This letter was written by a woman who signed her name “Eliza” to her friend, Miss Hannah Elizabeth Arnold (1828-1906), the daughter of William Rhodes Arnold (1786-1853) and Betsey Lyon (1784-1838). Miss Arnold was married in January 1856.
All that can be gleaned from the content of the letter is that Eliza — the author — had a cousin named Elizabeth and another named Levi, and that her parents were still alive and residing in Providence, Rhode Island.
Addressed to Miss Elizabeth H. Arnold, South Woodstock, Connecticut
Warren, Rhode Island
January 2, 1852
My Dear Lizzie,
Heartily wishing you a happy New Year. I am resolved to do all I can just now to make it so. In accordance with this resolution, I have composed myself to the business of writing you. You will notice Warren at the head of this sheet and at once conclude upon my whereabouts. But supposing you desirous of knowing further on the subject, I will be more particular. I am teaching here as I anticipated when you were down in August, associated with Cousin Elisabeth. The number of scholars under our charge are one hundred and forty-five. we board together, occupying the same room, bed &c., each sharing her proportional part of all appurtenances. we not only agree nicely but enjoy as much as sober-minded people like us could be supposed to anticipate.
Pa & Ma are supping alone this winter, living quiet and enjoying much, I presume. Mother’s health is quite good. I drop in occasionally upon them to make their hearts glad. Mother is quite satisfied to have me here since I am not exposed in getting to school as much as in the school at home. But I cannot say that I like this situation any better if as well. Though it would be difficult to give a decided preference to either. I can find no situation free from disadvantages nor, indeed, any that has not its peculiar advantages. I am disposed to believe a truly contented mind will find sufficient to feast it in every condition allotted to it by a kind and ever watchful Providence.
March 9th. You will observe by this date that the first page of this sheet was written a long time ago. To explain fully the reason why it has lain so long unfinished I will begin back to the time of the first date. The next day, January 3d, I had an attack of bleeding at the lungs, and by the advice of Dr. Gusher, decided to leave school immediately. Had a renewed attack on Sunday [and] again on Tuesday. Thursday went home feeling about as well as usual. I had been suffering from a severe cough for many weeks and the bleeding seemed rather a relief than otherwise, or at least I did not feel sicker than I had done, and consequently concluded a relief from care, and the extra exertion of teaching would soon restore me.

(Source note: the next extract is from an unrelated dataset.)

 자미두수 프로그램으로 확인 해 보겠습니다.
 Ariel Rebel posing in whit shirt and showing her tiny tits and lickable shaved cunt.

Saturday [I] swept carpets and performed other duties as usual. Sabbath went to meeting all day. Monday came laden with a bitter lesson of experience. I found when too late I had gone too far for a return of bleeding followed every successive day through the week till my lungs were so weak I could scarcely speak above a whisper. I was now confined to the house four or five weeks scarcely leaving my room except to take my meals and warned not to do anything. The most difficult thing of all was to hold my tongue. I found even my hands less unruly. I have not since had a return of bleeding but a constant dry, hacking cough, difficulty of breathing, and pains around my chest remind me daily that I have reason to fear the consequences.

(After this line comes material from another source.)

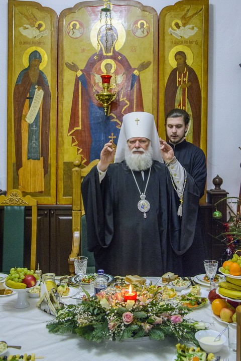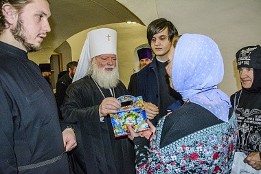По окончании Божественной литургии владыка митрополит возглавил праздничное славление празднику Рождества Христова, в завершение которого были провозглашены традиционные многолетия.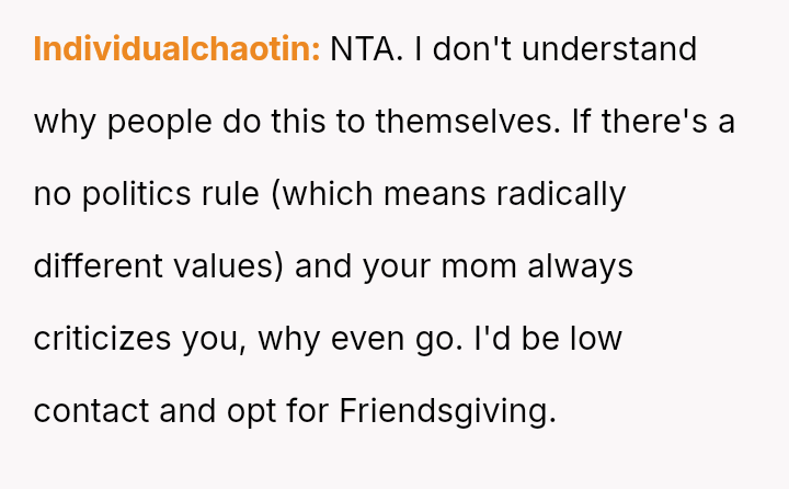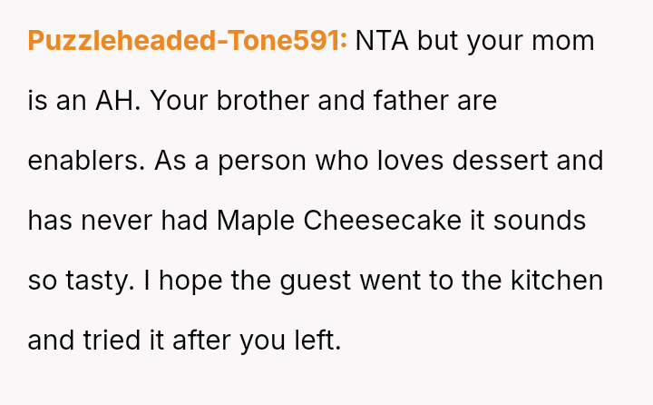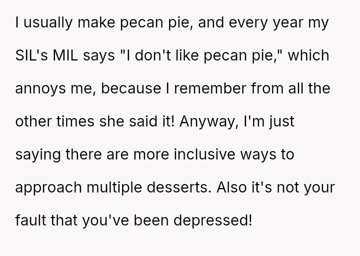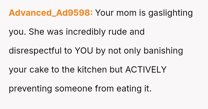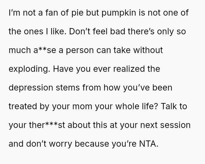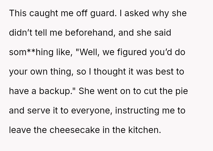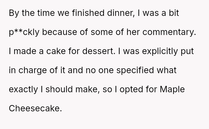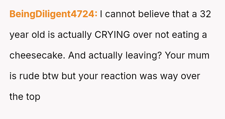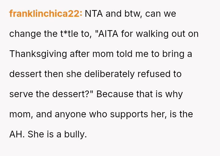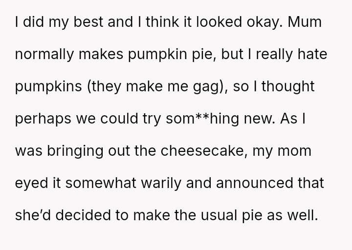The Original Poster (OP) felt deeply hurt by their mother's persistent criticism and subsequent public dismissal of the dessert they prepared for Thanksgiving dinner.

Through the persuasion of cousin Lewis ______, I was induced last Friday to come to Providence to consult Dr. Wheaton. I saw him on Friday. He examined my case [and] advised my staying in the city a week or ten days. I concluded to follow his advice and engaged board at Henry Horton’s [on] Friendship Street since which time he has been attending me. I cannot yet say really what I think of him or what he thinks of me. My impression is he fully believes my case a curable one. I have written enough of myself to show you what has been my situation the past two months and something of what are my prospects for the future. The past has been a season of trial as you will readily imagine, but I assure you not without consolations. I feel that my life, health, & all that I possess are at the disposal of a kind heavenly Father and he will order all events in relation to me for my spiritual good. I desire only to be passive in his hands and know no will but his.
O, Lizzie, you know the blessedness of trusting the Savior, where can we flee for refuge in a sick and dying hour, if not to the love of Christ. And do we not need his strong arm in life? What power so potent in delivering us from evil and helping us in the path of truth and duty, and leading us in the way everlasting. I can see nothing desirable in living except to experience the love of God i the heart, and to glorify him in our body and spirit which are his.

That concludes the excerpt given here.